Friday, 5 February 2010

Dance in the Vampire Bund - Episode 5

After awakening from a dream (or was it merely a memory?), Akira finds Mina in his bed... again. There's no time to dwell on that however, as it's time to join the vampire queen for some high school hijinks!

Thankfully, the slice of life school stuff (well, as slice of life as you can get when it involves a vampire) doesn't last for too long in this fifth episode of Dance in the Vampire Bund, but it does give us a glimpse of Mina's intellect as well as the odd juxtaposition of popularity and fear her presence instils within her classmates. As she undertakes a cooking class, it's left to Yuki to partner with her - A decision which seems to lead to a bit of good olf-fashioned love rivalry when she spots Mina sporting a ring given to Akira by Yuki herself.
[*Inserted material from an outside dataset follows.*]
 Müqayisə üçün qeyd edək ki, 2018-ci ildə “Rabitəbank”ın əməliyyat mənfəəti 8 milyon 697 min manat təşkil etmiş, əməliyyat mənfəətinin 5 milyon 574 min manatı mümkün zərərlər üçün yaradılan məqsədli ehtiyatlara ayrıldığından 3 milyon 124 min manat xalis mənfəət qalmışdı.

Aside from all of this, Mina also has some political problems to attend to, as Japan's Prime Minister announces that he'll be turning down the vampire's "offer" (if you can call it that considering it's far closer to blackmail) as an opportunity to inscribe his own place in history and leave a legacy for his family. With any possibility of compromise severed, it's perhaps no surprise to see Mina and her band of merry vampires turning to less savoury tactics to get their way, in a plot point which I'm assuming will continue to develop beyond this episode alone.

If Mina is having problems, then the same can be said for Akira, as he finds himself set upon by a group of vampires boasting the uniform of his school - An assault he seems unable to fend off (most likely because he doesn't want to reveal his true werewolf form to Yuki) until help arrives from another quarter entirely.
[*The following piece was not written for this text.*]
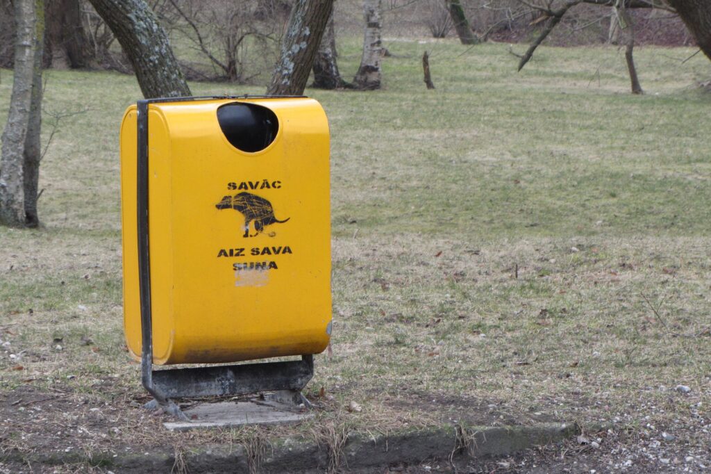 Arī Bauskas novada domes 2024. gada 30. maijā saistošo noteikumu Nr. 9 “Par mājas (istabas) dzīvnieku turēšanu Bauskas novadā» 4.2 apakšpunkts nosaka: “Mājas dzīvnieka īpašniekam ir pienākums pastaigas ar suni laikā pilsētās un ciemos publiski pieejamās teritorijās, neatkarīgi no īpašuma piederības veida, līdzi ņemt iepakojumu suņa ekskrementu savākšanai, kurus pēc to savākšanas jāizmet atkritumu urnā vai konteinerā.”

You know, the more I watch Dance in the Vampire Bund the more it confuses me - There's nothing wrong with it per se, and it seems to be pretty solid in more or less everything it tries to do, yet despite all this it's simply unable to grab me. I'm not sure whether it's the characterisation, the voice acting or the story itself (or perhaps a combination of the three) but there's nothing here which manages to excite me or draw me into the world it's trying to depict. It almost feels at times like it's trying to be a jack of all trades and thus ends up as a master of none - It does school drama and romance but without any real feeling, political intrigue but in far too shallow a fashion, and action too sporadic to really get your fangs into. All things said, maybe the series just needs a more definite direction from the viewer's perspective, something which I suspect is sorely lacking at the moment. Considering my hopes for this series (despite having never read the manga) I have to confess that I'm disappointed.